If you want to get better accuracy or performance,  try changing the `qconfig_mapping`.
We plan to add support for graph mode in the Numerical Suite so that you can
easily determine the sensitivity towards quantization of different modules in a model. For more information, see `PyTorch Numeric Suite Tutorial <https://pytorch.org/tutorials/prototype/numeric_suite_tutorial.html>`_

9. Debugging Quantized Model
----------------------------
We can also print the weight for quantized a non-quantized convolution op to see the difference,
we'll first call fuse explicitly to fuse the convolution and batch norm in the model:
Note that ``fuse_fx`` only works in eval mode.

.. code:: python

    fused = fuse_fx(float_model)

    conv1_weight_after_fuse = fused.conv1[0].weight[0]
    conv1_weight_after_quant = quantized_model.conv1.weight().dequantize()[0]

    print(torch.max(abs(conv1_weight_after_fuse - conv1_weight_after_quant)))

10. Comparison with Baseline Float Model and Eager Mode Quantization
--------------------------------------------------------------------

.. code:: python

    scripted_float_model_file = "resnet18_scripted.pth"

    print("Size of baseline model")
    print_size_of_model(float_model)

    top1, top5 = evaluate(float_model, criterion, data_loader_test)
    print("Baseline Float Model Evaluation accuracy: %2.2f, %2.2f"%(top1.avg, top5.avg))
    torch.jit.save(torch.jit.script(float_model), saved_model_dir + scripted_float_model_file)

In this section, we compare the model quantized with FX graph mode quantization with the model
quantized in eager mode. FX graph mode and eager mode produce very similar quantized models,
so the expectation is that the accuracy and speedup are similar as well.

.. code:: python

    print("Size of Fx graph mode quantized model")
    print_size_of_model(quantized_model)
    top1, top5 = evaluate(quantized_model, criterion, data_loader_test)
    print("FX graph mode quantized model Evaluation accuracy on test dataset: %2.2f, %2.2f"%(top1.avg, top5.avg))

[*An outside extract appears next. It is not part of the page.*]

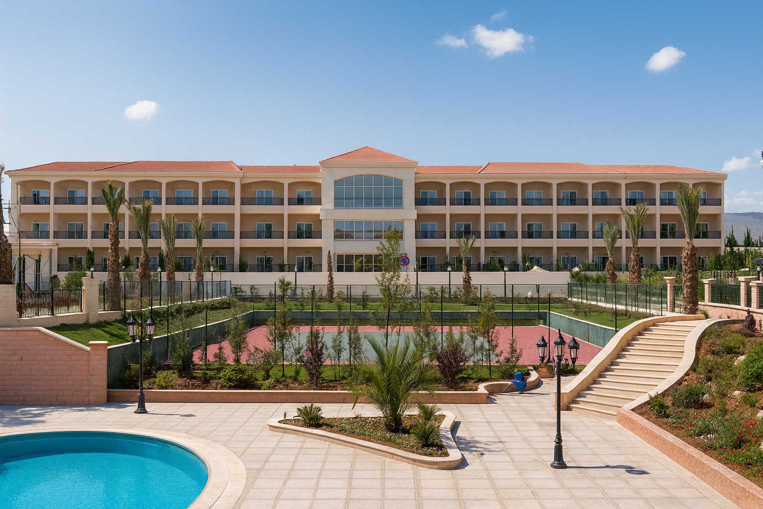 Palm Village is a resort-style hospitality complex designed around a linear three-storey hotel block overlooking landscaped gardens, a tennis court, and a central pool deck. The architecture combines warm Mediterranean…

    from torchvision.models.quantization.resnet import resnet18
    eager_quantized_model = resnet18(pretrained=True, quantize=True).eval()
    print("Size of eager mode quantized model")
    eager_quantized_model = torch.jit.script(eager_quantized_model)
    print_size_of_model(eager_quantized_model)
    top1, top5 = evaluate(eager_quantized_model, criterion, data_loader_test)
    print("eager mode quantized model Evaluation accuracy on test dataset: %2.2f, %2.2f"%(top1.avg, top5.avg))
    eager_mode_model_file = "resnet18_eager_mode_quantized.pth"
    torch.jit.save(eager_quantized_model, saved_model_dir + eager_mode_model_file)

We can see that the model size and accuracy of FX graph mode and eager mode quantized model are pretty similar.

Running the model in AIBench (with single threading) gives the following result:

.. code::

  Scripted Float Model:
  Self CPU time total: 192.48ms

  Scripted Eager Mode Quantized Model:
  Self CPU time total: 50.76ms

  Scripted FX Graph Mode Quantized Model:
  Self CPU time total: 50.63ms

As we can see for resnet18 both FX graph mode and eager mode quantized model get similar speedup over the floating point model,
which is around 2-4x faster than the floating point model. But the actual speedup over floating point model may vary
depending on model, device, build, input batch sizes, threading etc.